▶ _WHAT YOU SHOULD DO_: An exact reproduction of all the data is needed, with no images in it.
-------------------------
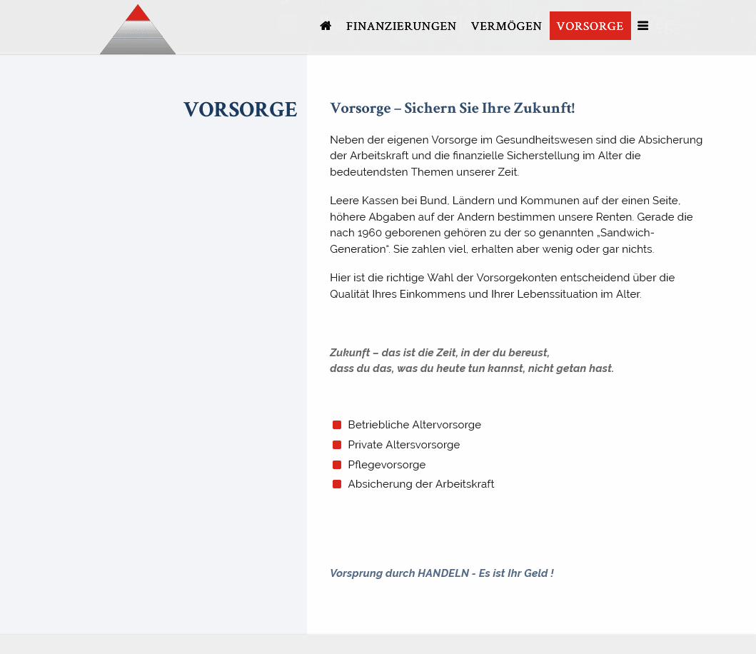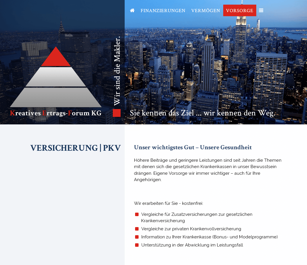 Für ein Beratungsunternehmen im Bereich Finanzen, Versicherungen und Vorsorge wurde eine übersichtliche und professionelle Unternehmenswebseite entwickelt. Ziel war es, die verschiedenen Beratungsleistungen klar darzustellen und Interessenten einen schnellen Einstieg in die Themenbereiche zu ermöglichen.
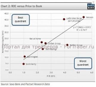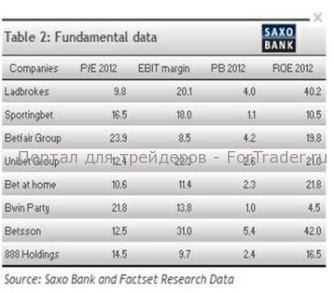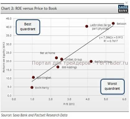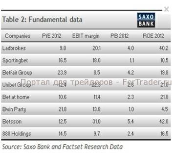 Я не поклонник Betfair (BET.L), поскольку акционер получает низкий доход по сравнению с уплаченной стоимостью, то есть, акция переоценена. Bwin тоже меня не привлекает своей доходностью. Акции Ladbrokes кажутся относительно дешевыми. Bet-at-home тоже стоят дешево, а Unibet (UNIB SDB), Sportingbet (SBT.L) и 888 (888.L) имеют справедливую оценку. То же самое можно сказать и о Betsson(BETS-B.ST), но, учитывая высокий коэффициент Р/В, я бы предпочел начать с других акций. Любая неприятность обойдется вам очень дорого, стоит ли рисковать?
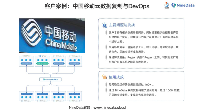 第三个案例涉及中国移动。除了使用 NineData 的 DevOps 工具外,中国移动云重点是使用了 NineData 的数据复制功能。由于其移动云服务涵盖约30多个区域,这些区域的数据库需要相互连接。
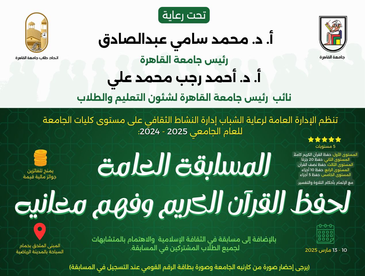 أعلنت الإدارة العامة لرعاية الشباب بجامعة القاهرة، عن إطلاق المسابقة السنوية لحفظ القرآن الكريم وفهم معانيه للعام الجامعي 2025/2024 والتي تُقام خلال الفترة من 10-13 مارس 2025، تحت رعاية الدكتور محمد سامي عبد الصادق رئيس الجامعة، وإشراف الدكتور أحمد رجب نائب رئيس الجامعة لشئون التعليم والطلاب.
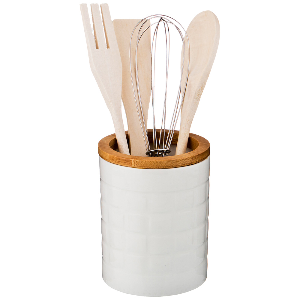 Бамбуковые элементы имеют приятную на ощупь текстуру и являются гармоничным дополнением к белому фарфору. Бамбук с белым – классика для Вашей кухни!
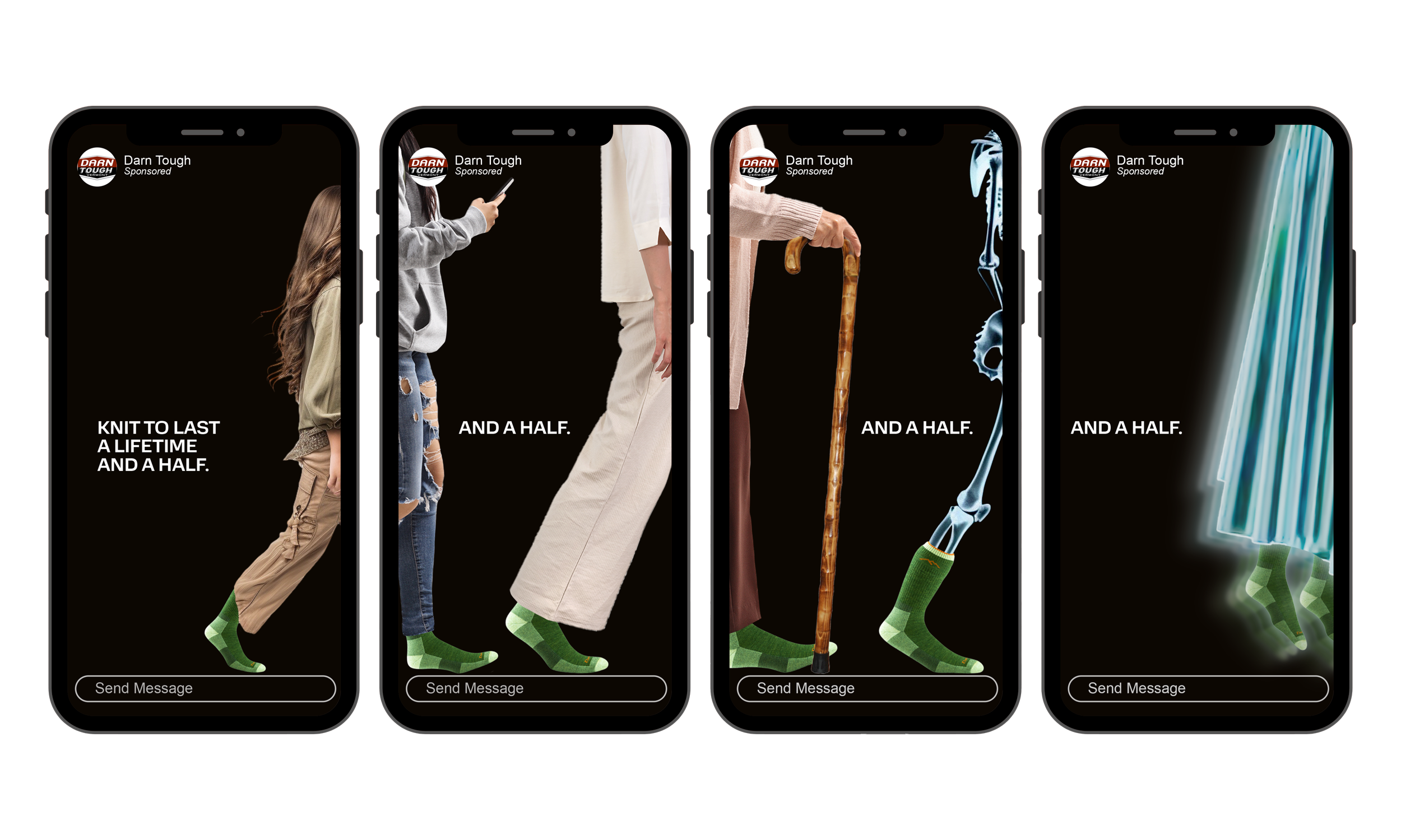 Most people click through Instagram stories fast, so having multiple stories back to back will give consumers an interesting look into the long-lasting durability of Darn Tough Socks.
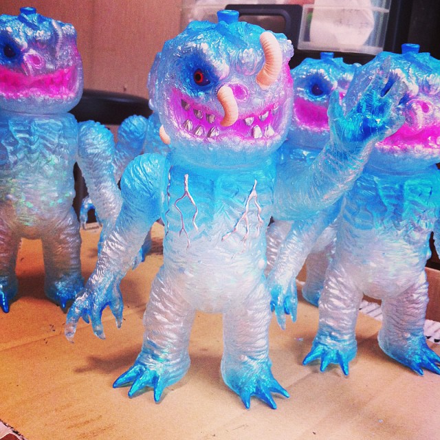 Joining the previously posted “Hag DX”, Rampage Toys has revealed that he’ll be unleashing a special “Rotten Ice X” micro-run in his online store tomorrow! Featuring the Triclops designed/Zectron sculpted “Rotten Tomato” ball as a head, the b-movie “X” body figure has been jointly produced by Rampage Toys and Skull Head Butt, standing at around 9″ tall and coming with 5 points of articulation. Produced in a crystal clear vinyl this time around, Rotten X has been treated to a number of icy blue, silver and pink sprays with silver and flesh-tone detailing. Limited to an edition of just 5 pieces, the Rotten Ice X’s will be touching down alongside the Hag DX right here at 10am Japan time tomorrow (10/1). Pricing is still to be confirmed…
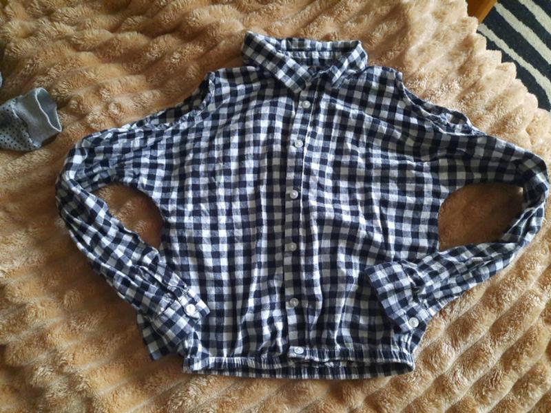 Дуже красива,модна рубашка ,під резинку ,коротенька,має прорізи на плечиках.Довжина 42 см.,рукав 52 см.
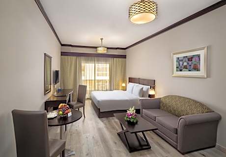 The elegant Savoy Crest offers modern accommodations, 15 minutes by foot from BurJuman Mall. Luxurious amenities include an outdoor pool with sun loungers and a fitness center. The modern and spacious apartments feature well-equipped kitchens. Each is air conditioned and offers free wired internet and a living room. Guests can relax in the sauna or have fun at the games room. Savoy Crest Hotel Apartment also has a 24-hour front desk where guests can get information about local attractions and tours. Breakfast is freshly prepared and served at the coffee shop. There is an à la carte menu available for lunch and dinner. Free private parking and a car rental service is offered on site. Dubai Museum, Bur Dubai Shopping Malls, and the metro station, linking to the green and red lines, are within walking distance. Dubai Creek Golf & Yachtclub is a 5-minute drive away.
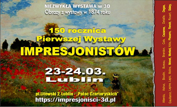 Pałac Czartoryskich otworzy swoje drzwi w ramach wystawy, mającej na celu upamiętnienie Pierwszej Wystawy Impresjonistów z 1874 roku. Obrazy największych mistrzów będzie można odkryć na nowo za pomocą techniki 3D Anaglif Red/ Cyjan. Więcej informacji na facebook.com ...
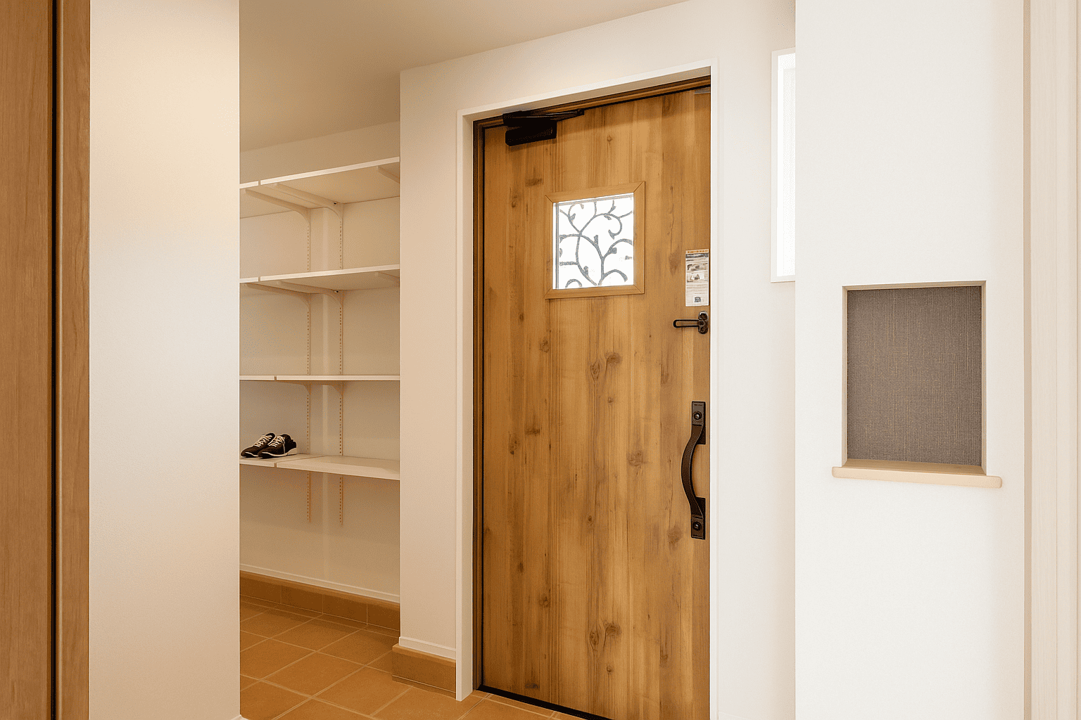 玄関横には土間収納を設置。靴やアウトドア用品、日用品までまとめてしまえるため、玄関まわりがすっきり整います。帰宅後の動線もスムーズで、使い勝手の良さが光ります。
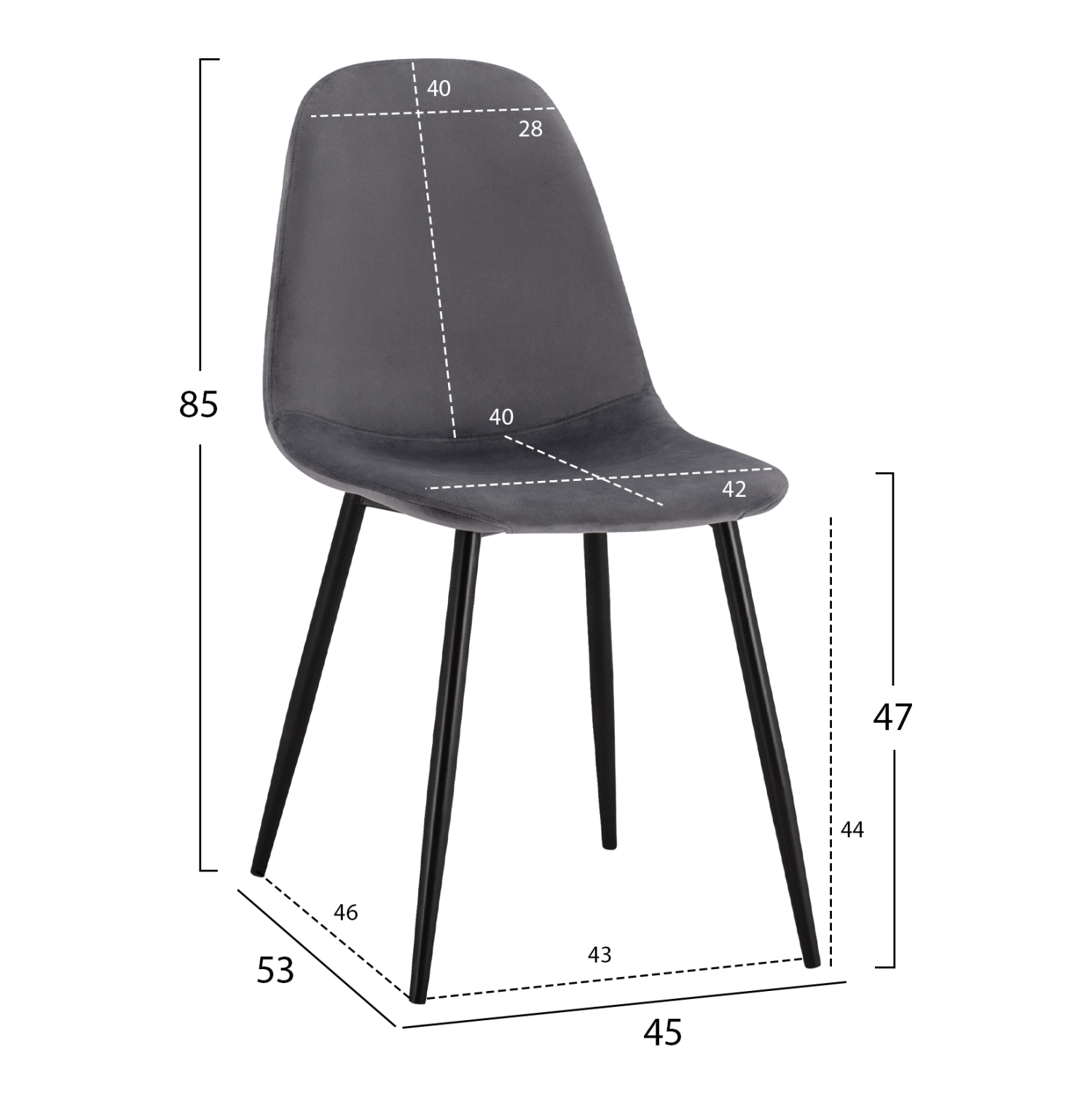 ΚΑΡΕΚΛΑ LEONARDO ΒΕΛΟΥΔΟ ΓΚΡΙ ΜΕ ΜΕΤΑΛΛΙΚΑ ΠΟΔΙΑ 45x53x85Υ εκ. HM00100.01
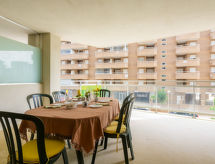 "Mondrian - Marina d'Or", 3-værelse-lejlighed 60 m2 i 1. etage. Hensigtsmæssig og komfortabelt indrettet: stue/spisestue med 1 dobbelt sovesofa, spisebord, digital TV, fladskærms TV, klimaanlæg og varmluft opvarming. Udgang til terrasse. 1 dobbeltværelse med 1 fransk seng (135 cm, længde 190 cm), brus/bidet/WC. 1 dobbeltværelse med 2 senge (90 cm, længde 190 cm). Køkken (ovn, 4 keramiske kogeplader, Brødrister, mikroovn, fryser, elektrisk kaffemaskine). Brus/bidet/WC. Stor terrasse. Havemøbler. Ved siden udsigt over havet og byen. Til benyttelse: vaskemaskine, strygejern hårtørrer. Parkeringsplads nr. 1 (sot. 1) (overdækket) ved huset. Velegnet for familier. VT-41275-CS Residence. Ferieejendomme herunder have at slappe af. På legepladsen kan børnene slippe af damp. Det har en sauna.- Karakteristika for boligen
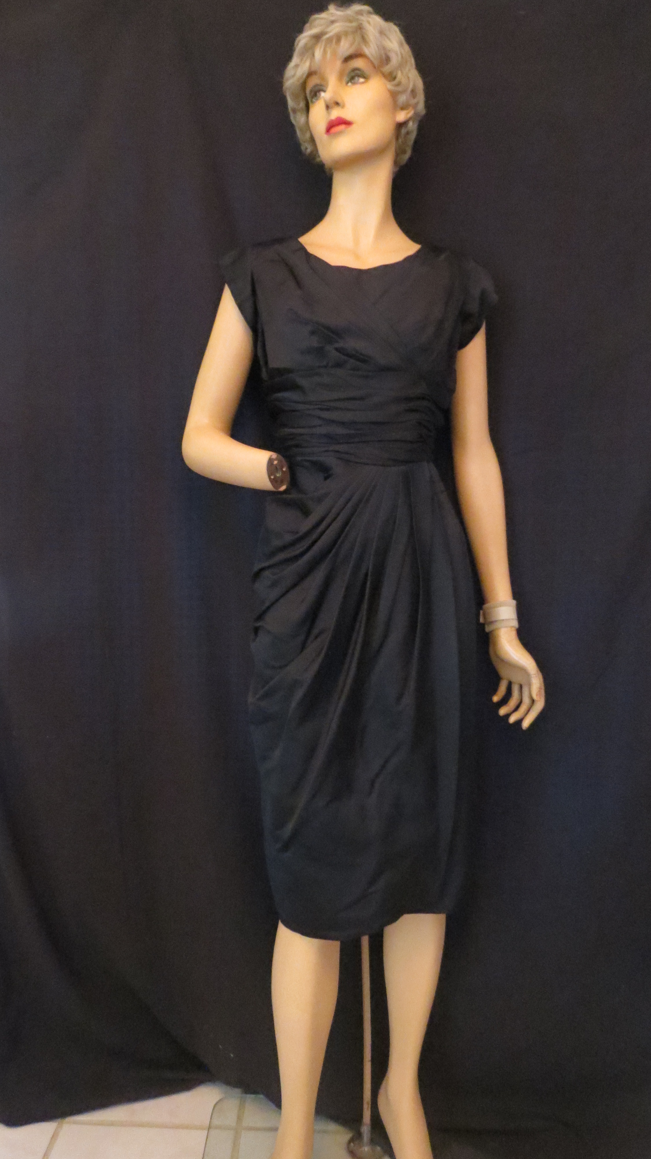 On the far right is a wiggle sheath from the late ’50s. Also a U.S. maker. It is lined around the upper bodice and neck and is designed to be worn sleeveless. It’s a simple, un-decorated design but would look best in the evening or at an after-work party or dinner. It could have gone to work if dressed down a bit with a sweater or jacket.
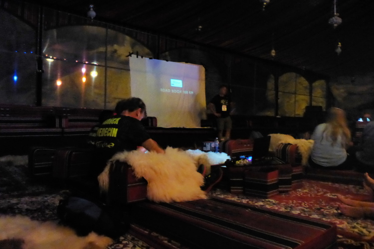 Auf einer Leinwand laufen die Bilder der letzten Tage und ein Film, der mit einer Drohne aufgenommen wurde, erinnert uns an die schönsten Stellen unseres Lauf-Abenteuers. Dann werden alle Läuferinnen und Läufer der einzelnen Rennen der Platzierung nach aufgerufen. Es gibt eine schöne Medaille und eine Mütze für alle, die teilgenommen haben. Die Erstplatzierten bekommen Sachpreise. Danach wird getanzt und bei der Happy-Hour sind auch die Bierpreise wieder erträglich.
-------------------------
▶ _ANSWER SPACE_:
 Für ein Beratungsunternehmen im Bereich Finanzen, Versicherungen und Vorsorge wurde eine übersichtliche und professionelle Unternehmenswebseite entwickelt. Ziel war es, die verschiedenen Beratungsleistungen klar darzustellen und Interessenten einen schnellen Einstieg in die Themenbereiche zu ermöglichen.
 Я не поклонник Betfair (BET.L), поскольку акционер получает низкий доход по сравнению с уплаченной стоимостью, то есть, акция переоценена. Bwin тоже меня не привлекает своей доходностью. Акции Ladbrokes кажутся относительно дешевыми. Bet-at-home тоже стоят дешево, а Unibet (UNIB SDB), Sportingbet (SBT.L) и 888 (888.L) имеют справедливую оценку. То же самое можно сказать и о Betsson(BETS-B.ST), но, учитывая высокий коэффициент Р/В, я бы предпочел начать с других акций. Любая неприятность обойдется вам очень дорого, стоит ли рисковать?
 第三个案例涉及中国移动。除了使用 NineData 的 DevOps 工具外,中国移动云重点是使用了 NineData 的数据复制功能。由于其移动云服务涵盖约30多个区域,这些区域的数据库需要相互连接。
 أعلنت الإدارة العامة لرعاية الشباب بجامعة القاهرة، عن إطلاق المسابقة السنوية لحفظ القرآن الكريم وفهم معانيه للعام الجامعي 2025/2024 والتي تُقام خلال الفترة من 10-13 مارس 2025، تحت رعاية الدكتور محمد سامي عبد الصادق رئيس الجامعة، وإشراف الدكتور أحمد رجب نائب رئيس الجامعة لشئون التعليم والطلاب.
 Бамбуковые элементы имеют приятную на ощупь текстуру и являются гармоничным дополнением к белому фарфору. Бамбук с белым – классика для Вашей кухни!
 Most people click through Instagram stories fast, so having multiple stories back to back will give consumers an interesting look into the long-lasting durability of Darn Tough Socks.
 Joining the previously posted “Hag DX”, Rampage Toys has revealed that he’ll be unleashing a special “Rotten Ice X” micro-run in his online store tomorrow! Featuring the Triclops designed/Zectron sculpted “Rotten Tomato” ball as a head, the b-movie “X” body figure has been jointly produced by Rampage Toys and Skull Head Butt, standing at around 9″ tall and coming with 5 points of articulation. Produced in a crystal clear vinyl this time around, Rotten X has been treated to a number of icy blue, silver and pink sprays with silver and flesh-tone detailing. Limited to an edition of just 5 pieces, the Rotten Ice X’s will be touching down alongside the Hag DX right here at 10am Japan time tomorrow (10/1). Pricing is still to be confirmed…
 Дуже красива,модна рубашка ,під резинку ,коротенька,має прорізи на плечиках.Довжина 42 см.,рукав 52 см.
 The elegant Savoy Crest offers modern accommodations, 15 minutes by foot from BurJuman Mall. Luxurious amenities include an outdoor pool with sun loungers and a fitness center. The modern and spacious apartments feature well-equipped kitchens. Each is air conditioned and offers free wired internet and a living room. Guests can relax in the sauna or have fun at the games room. Savoy Crest Hotel Apartment also has a 24-hour front desk where guests can get information about local attractions and tours. Breakfast is freshly prepared and served at the coffee shop. There is an à la carte menu available for lunch and dinner. Free private parking and a car rental service is offered on site. Dubai Museum, Bur Dubai Shopping Malls, and the metro station, linking to the green and red lines, are within walking distance. Dubai Creek Golf & Yachtclub is a 5-minute drive away.
 Pałac Czartoryskich otworzy swoje drzwi w ramach wystawy, mającej na celu upamiętnienie Pierwszej Wystawy Impresjonistów z 1874 roku. Obrazy największych mistrzów będzie można odkryć na nowo za pomocą techniki 3D Anaglif Red/ Cyjan. Więcej informacji na facebook.com ...
 玄関横には土間収納を設置。靴やアウトドア用品、日用品までまとめてしまえるため、玄関まわりがすっきり整います。帰宅後の動線もスムーズで、使い勝手の良さが光ります。
 ΚΑΡΕΚΛΑ LEONARDO ΒΕΛΟΥΔΟ ΓΚΡΙ ΜΕ ΜΕΤΑΛΛΙΚΑ ΠΟΔΙΑ 45x53x85Υ εκ. HM00100.01
 "Mondrian - Marina d'Or", 3-værelse-lejlighed 60 m2 i 1. etage. Hensigtsmæssig og komfortabelt indrettet: stue/spisestue med 1 dobbelt sovesofa, spisebord, digital TV, fladskærms TV, klimaanlæg og varmluft opvarming. Udgang til terrasse. 1 dobbeltværelse med 1 fransk seng (135 cm, længde 190 cm), brus/bidet/WC. 1 dobbeltværelse med 2 senge (90 cm, længde 190 cm). Køkken (ovn, 4 keramiske kogeplader, Brødrister, mikroovn, fryser, elektrisk kaffemaskine). Brus/bidet/WC. Stor terrasse. Havemøbler. Ved siden udsigt over havet og byen. Til benyttelse: vaskemaskine, strygejern hårtørrer. Parkeringsplads nr. 1 (sot. 1) (overdækket) ved huset. Velegnet for familier. VT-41275-CS Residence. Ferieejendomme herunder have at slappe af. På legepladsen kan børnene slippe af damp. Det har en sauna.- Karakteristika for boligen
 On the far right is a wiggle sheath from the late ’50s. Also a U.S. maker. It is lined around the upper bodice and neck and is designed to be worn sleeveless. It’s a simple, un-decorated design but would look best in the evening or at an after-work party or dinner. It could have gone to work if dressed down a bit with a sweater or jacket.
 Auf einer Leinwand laufen die Bilder der letzten Tage und ein Film, der mit einer Drohne aufgenommen wurde, erinnert uns an die schönsten Stellen unseres Lauf-Abenteuers. Dann werden alle Läuferinnen und Läufer der einzelnen Rennen der Platzierung nach aufgerufen. Es gibt eine schöne Medaille und eine Mütze für alle, die teilgenommen haben. Die Erstplatzierten bekommen Sachpreise. Danach wird getanzt und bei der Happy-Hour sind auch die Bierpreise wieder erträglich.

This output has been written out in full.